Vance Callender, Homeland Security Investigations special agent in charge for Michigan and Ohio, participated in the raid, which included agents from Montogomery County Sheriff’s Office, Ohio Attorney General’s Office, FBI, and Homeland Security Investigations, according to News 5 Cleveland.
Callender said, “20 kilograms of fentanyl is enough to kill the entire population of Ohio, many times over. As this significant seizure makes clear, HSI and our partners are united in our resolve to protect our communities and our country from the deadly scourge of drug trafficking. We stand ready to use every tool and resource at our disposal to attack and dismantle these organizations from the low-level dealers to the source of supply with our law enforcement partners.”
A Weapon Of Mass Destruction
Dave Yost, Ohio Attorney General, that the amount of fentanyl, worth millions, was large enough that it could be thought of as a weapon of mass destruction. He said that the bust highlighted the “enormity of the opioid problem” in his state.
He added, ”This is an enormous amount of deadly drugs that will no longer be on our streets.”
At the bust, authorities also seized 5,000 grams of heroin and 1,500 grams of methamphetamine. They recovered about $30,000 in cash and three firearms.
Three suspects were charged in connection with the raid: Shamar Davis, 31, Anthony Franklin, 20, and Grady Jackson, 37. They’re facing charges for being felons in possession of firearms and for distributing 400 grams or more of fentanyl.
Montgomery County Sheriff Rob Streck said that the men posed a huge danger to the community.
“These illegal drugs ruin lives, destroy families, fuel violence, drives up property crime, and wrecks neighborhoods. Anyone associated with it—especially those who sell and traffic it—are doing violence to people and causing harm in our communities,” he said.
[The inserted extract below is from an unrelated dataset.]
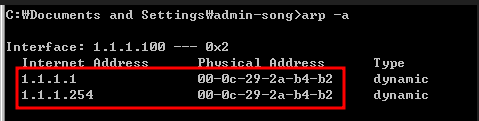 타겟PC에 arp table을 확인해보면 arp-spoofing으로 인해 게이트웨이인 1.1.1.254와 1.1.1.1인 Kali와 Mac주소가 같다.

The Biggest Fentanyl Bust Of The Year
Although the size of the fentanyl seizure is astounding, it’s not the biggest bust on record. Earlier this year, Customs and Border Protection officials near the Mexican border found more than 100 kilos of fentanyl hidden in a tractor trailer that was also carrying cucumbers, and meth. That seizure, which was made with the help of drug-sniffing dogs, netted fentanyl worth at least $3.5 million, authorities said at the time.